A Primer for BI and IoT/IIoT and Edge Analytics - Part 2: Process Monitoring for Steady States: QC Charting - Spotfire

This is part 2 of a 2-part article providing a short and concise overview of practical considerations and methods commonly applied to extract actionable information from continuous or streaming process data. This is an area of analytics that is rapidly becoming increasingly important as streaming IoT (Internet of Things) technologies are transforming, disrupting, or creating new businesses across virtually all industries.

A Primer for BI and IoT/IIoT and Edge Analytics - Part 2: Process Monitoring for Steady States: QC Charting

Thomas Hill, PhD - Senior Director Analytics, TIBCO Software

Overview

It is easy to forget that the problem of how to derive actionable insight from streaming continuous data is actually an "old problem:" Walter A. Shewhart is generally considered the "inventor" of modern statistical process control charting (e.g., see Shewhart, 1945; Montgomery, 2012; see also Lewicki, Hill, Qazaz, 2007, for multivariate and model-based SPC). Interestingly, the business requirements behind the invention of statistical process control originated with early IoT technology of sorts; Shewhart worked at Bell Labs in the 1920's and was concerned about the reliability the emerging telephone transmission system.
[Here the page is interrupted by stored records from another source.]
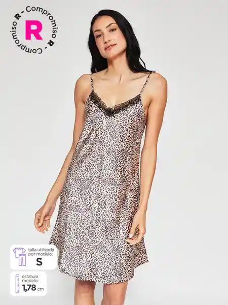 Marquis Camisa de Dormir Navi Satin Print fb Café XL V26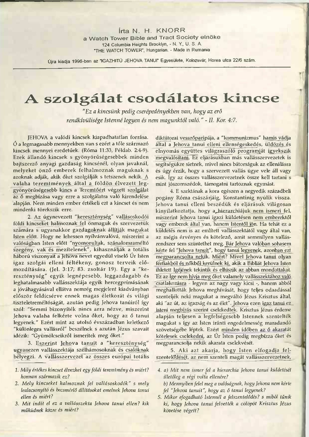 1. Mily értékes kincset élvezhet egy földi teremtmény és miért? honnan származik ez? 2. Mely kincseket halmoznak fel vallásoskodók" s mely lealacsonyító és becsmérlő állításokat emelnek Jehova tanúi ellen és miért? 3. Mit indít el ez a vallásszekta Jehova tanúi ellen? kik műküdnek közre és miért?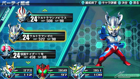 本回以隊伍角色身分參戰的有「00鋼彈」、「飛翼鋼彈零式」、「超人力霸王零號」、「假面騎士 BLACK RX」等角色和在這之前已經介紹過的角色,包含「ν鋼彈」、「超人力霸王梅比斯」、「假面騎士W」、「假面騎士OOO」 等新情報的戰鬥畫面將一同為大家介紹。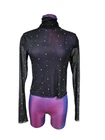 Wild Fable Black Rhinestone Embellished Mesh Top Long Sleeve Size Small G20 In excellent condition Wild Fable Black Rhinestone Embellished Mesh Top Long Sleeve Size Small Women's. Features sexy date night worthy sheer rhinestone embellished mesh top, turtleneck, glam gem stones, long fitted sleeve, slightly cropped, form fitting, stretch, raw hems, whimsigoth, Y2K, rave, festival. Measurements laying flat chest 15" length 19" arm inseam 21.5" Fabric mesh This is a pre-owned item that may show signs of wear. In excellent condition, no flaws.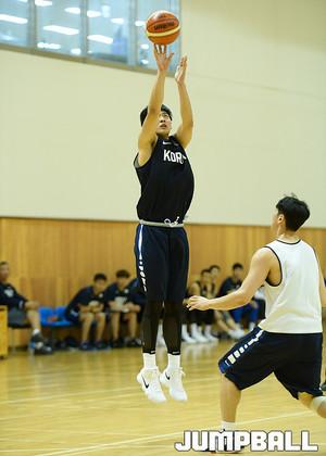 [점프볼=진천/유용우 기자] 4일 진천선수촌에서 아시아컵에 출전하는 남자농구대표팀과 유니버시아드대표팀의 연습경기가 열렸다. U대표팀 박지훈이 슛을 시도하고 있다.

This article is the second in a series. For Part 1, see A Primer for BI and IoT/IIoT and Edge Analytics - Part 1: Connecting to Data

Monitoring Steady States

A very common and useful statistical model for monitoring individual data streams is to assume a constant average or mean (median) value over time, with constant variability due to uncontrollable or noise factors. If a process is stable and working as desired (is of acceptable quality), then a control chart can be constructed based on the estimate of the acceptable noise variability. The control chart will consist of a Center Line that indicates the expected constant average (mean, media, etc.) value for a particular parameter, and control limits around that. When the observed values fall outside the control limits the original steady-state model no longer fits the observed data: The process is "out-of-control".
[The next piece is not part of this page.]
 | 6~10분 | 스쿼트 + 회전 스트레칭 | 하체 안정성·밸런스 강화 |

Figure 1: Simple Control Chart in TIBCO Spotfire^®

Model-Based Monitoring. In general terms, control charting is 'model-based' process monitoring, where the 'model' usually describes a stationary steady-state process with constant variability over time. Variations of this model might include expected step-changes, either when the mean changes or the variability changes. In Figure 1 this is shown for the second chart with stepped control limits. Such step changes might be due to differences in recipes in a continuous process, or they might be due to naturally occurring changes over a day, or week (e.g., demand for electricity, number of visits to a web store, and so on).
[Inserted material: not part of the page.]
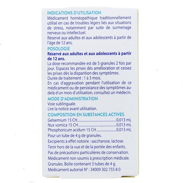 Le médicament homéopathique Zelaceo Granules du laboratoire Boiron est indiqué dans le traitement et la diminution des troubles légers liés au stress, notamment par la suite de surmenage nerveux ou intellectuel : épuisement, fatigue, trouble de l'humeur, difficultés de concentration.

Deviations-from-models can occur for two reasons: Either the mean of a process shifts, drifts, or simply steps out of the control limits, or the variability of the process shifts, drifts, or steps out of control limits. Either way, the conclusion is that the model no longer fits, and the process is no longer a steady state. As will be shown later, this reasoning applies equally to simple univariate control charts as well as multivariate control charts for steady states, or based on other (e.g., batch-process) models.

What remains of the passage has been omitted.